Clients can turn off adviser service fees at any time, are you suggesting that clients are unable to exercise their free will ? All gets a bit nanny state really. If clients don’t see value they can simply turn a post FOFA fee off, just tell; the product involved and off it comes. If they are unhappy they will, if not then the agreement is made and fees are payable. Clients are generally adults so reasonable to assume they can make a few adult decisions.
i think the industry will go to billable hours in time as you say, following a clean out. Im not sure its fair fee for service is a rort. Its comes down to how much they pay, and what service is provided. If the service is commensurate the fee, it will stand up in court (rather FOS), really not sure where youre coming from here?
I 100% agree and I dont understand all the – on your comment, this is the future and its best for the client.
You would be so much fun at a BBQ, Steven.
Agreed.

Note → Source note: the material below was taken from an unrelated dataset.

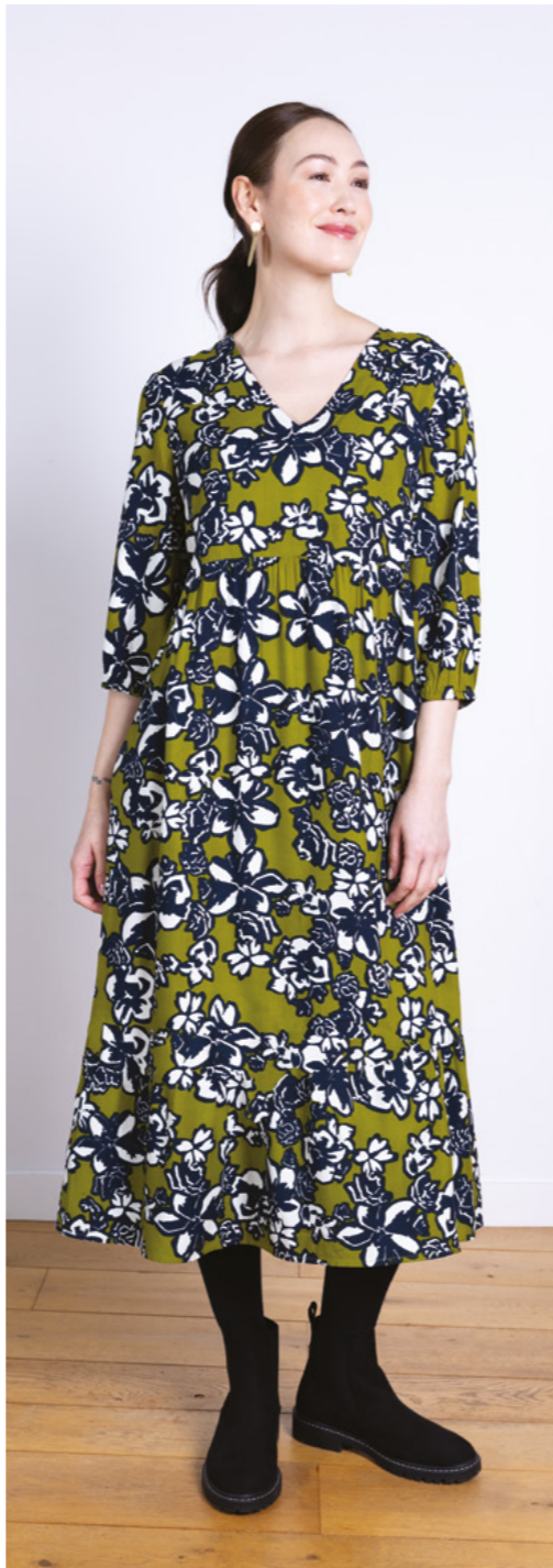
MT2219 / Puff Sleeve Midi Dress 100% Viscose Twill Pea / Sizes 8-20

Right or wrong, it will be enforced upon us. We are the guardians of people’s wealth and a big chunk is compulsory superannuation and concessionally taxed at that. Clients might still want to pay for services but it won’t be coming out of their super. Best we all start planning ahead. These changes will be rapid and harsh. We are not well liked at the moment. All those BDMs and business coaches you paid to help segment your clients into gold, silver, and nothings….you better phone them up and ask what’s the plan B.
Hey Mr Billable hours, aren’t heaps of accountants charging a set fee, regardless of hours for a service agreed, eg. SMSF Accounts and Audit ?
And aren’t heaps of accountants charging clients a annual fee, then getting it paid monthly, just like fee for service Financial Advice payments ?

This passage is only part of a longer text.